My confusion is as follows, whether there is an algebraic function $\varphi_2(x,\kappa_2)$ (rational function, irrational function can be) and the corresponding modulus, satisfying the following equation? \begin{align*} \int_{0}^{x}\frac{\mathrm{d}t}{\sqrt{\left(1-t^{2}\right)\left(1+\kappa_2^{2}t^{2}\right)}} =\dfrac{1}{\sqrt{2}}\int_{0}^{\varphi_2(x,\kappa_2)}\frac{\mathrm{d}t} {\sqrt{\left(1+t^{2}\right)\left(1-\kappa_2^{2}t^{2}\right)}} \end{align*} If it exists, how to find it?
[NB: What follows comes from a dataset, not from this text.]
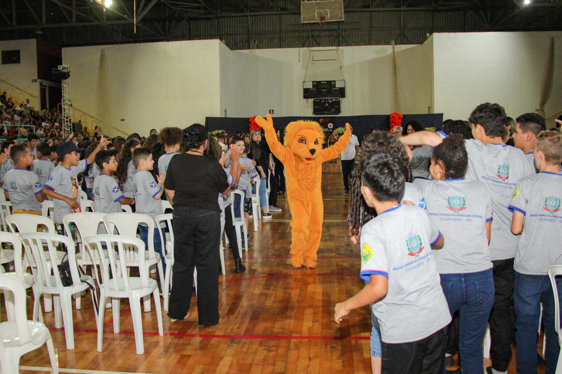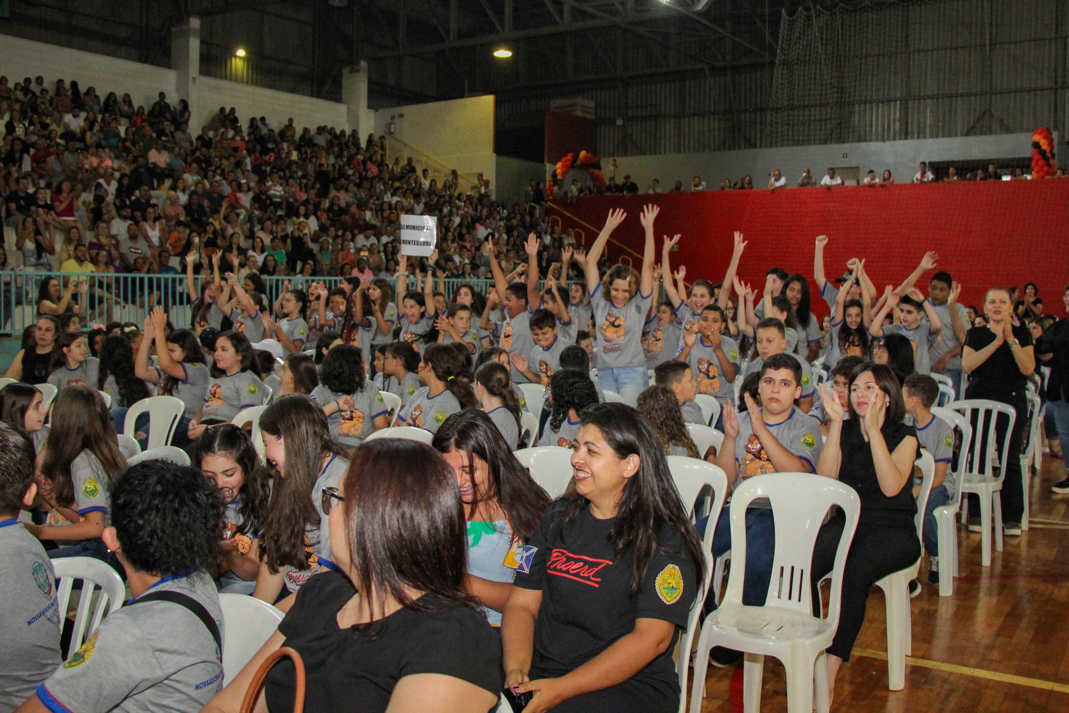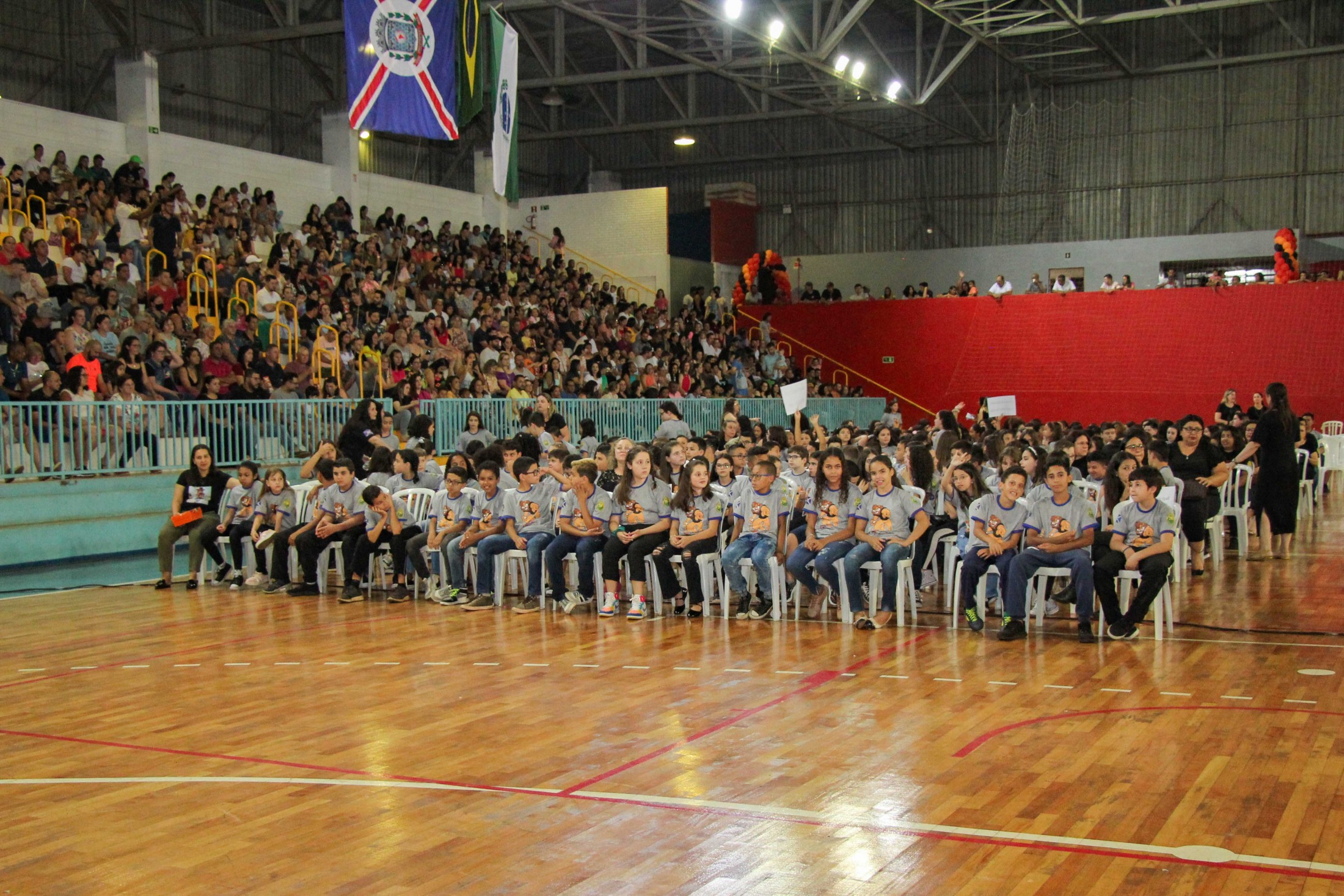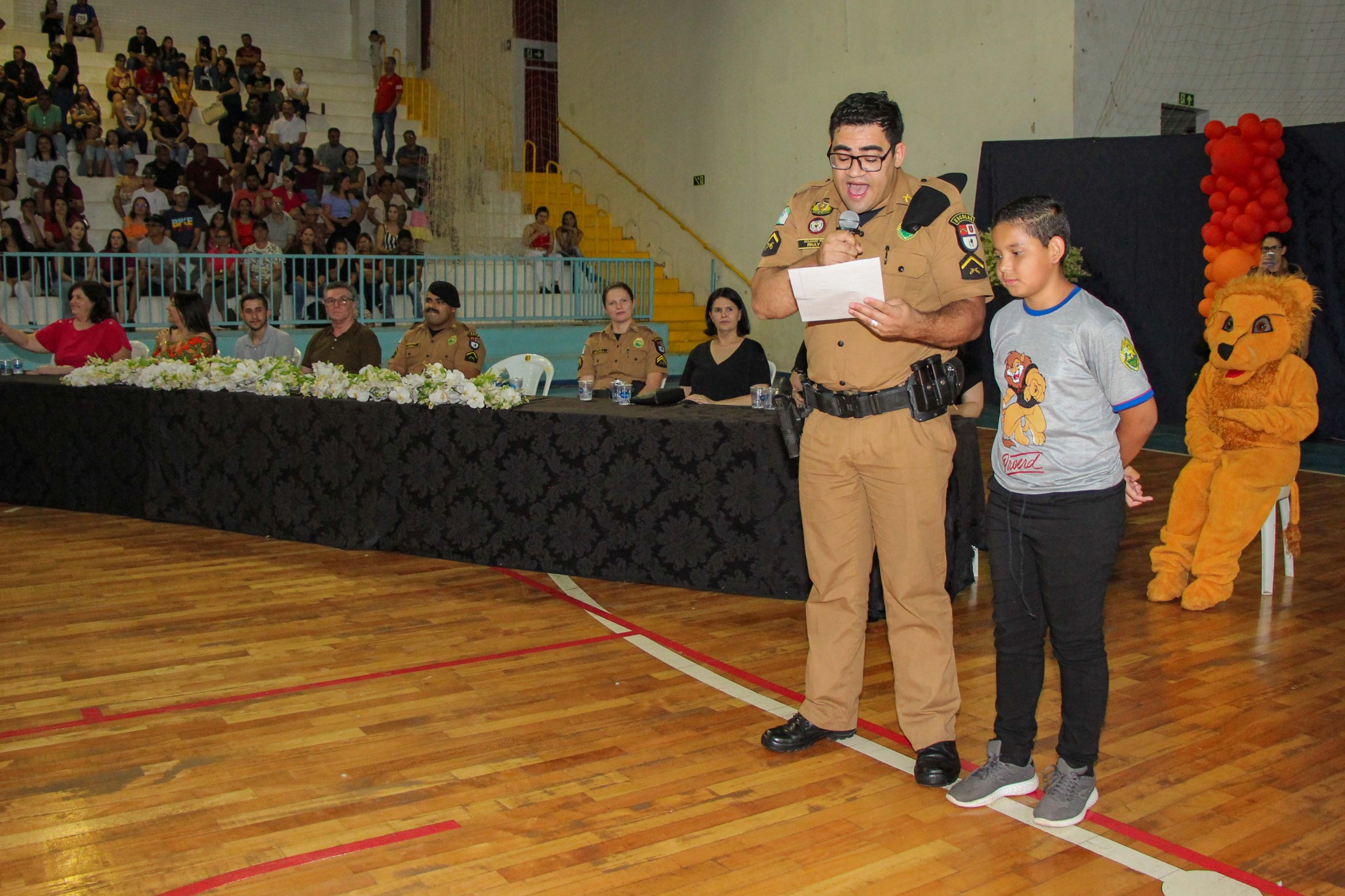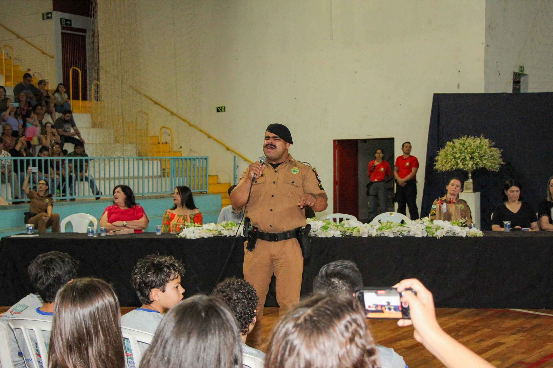 Emoção e alegria marcaram a solenidade de formatura do Programa Educacional de Resistência às Drogas e à Violência – Proerd, realizada na noite da última quinta-feira (10), no Ginásio de Esportes Tancredo Neves (Tancredão). O evento reuniu cerca de 3 mil pessoas, entre autoridades, militares, profissionais da educação, familiares e, aproximadamente, 670 estudantes do 5º ano do Ensino Fundamental, das 13 escolas da rede municipal de ensino, participantes do programa.

[1] Abel N.-H. (1828) Recherches sur les fonctions elliptiques (suite du Mémoire n°9). Cr. [Journal für die reine und angewandte Mathematik. Journal de Crelle. Berlin.] 3, 160-187. https://gdz.sub.uni-goettingen.de/id/PPN243919689_0003?tify=%7B%22pages%22%3A%5B189%5D%2C%22view%22%3A%22info%22%7D
[2] Katsuya Miyake. COMPLEX MULTIPLICATION IN THE SENSE OF ABEL[C] NUMBER THEORY: Plowing and Starring Through High Wave Forms: Proceedings of the 7th China–Japan Seminar. 2015: 145-167.
[3] Umeno Ken. Theory of Complex Multiplication as a Cradle of Exactly Solvable Chaos[J]. Bulletin of the Japan Society for Industrial and Applied Mathematics (in Japanese), 2022, 32(4): 221-234. https://www.jstage.jst.go.jp/article/bjsiam/32/4/32_221/_pdf
[4] Katsuya Miyake. Origin of class field theory (number theory and its applications)[J]. RIMS Kôkyûroku, 1998, 1060: 185-209. https://www.kurims.kyoto-u.ac.jp/~kyodo/kokyuroku/contents/pdf/1060-21.pdf
[5] Takase Masahito. Three Aspects of the Theory of Complex Multiplication[J]. The Intersection of History and Mathematics, 1994: 91-108.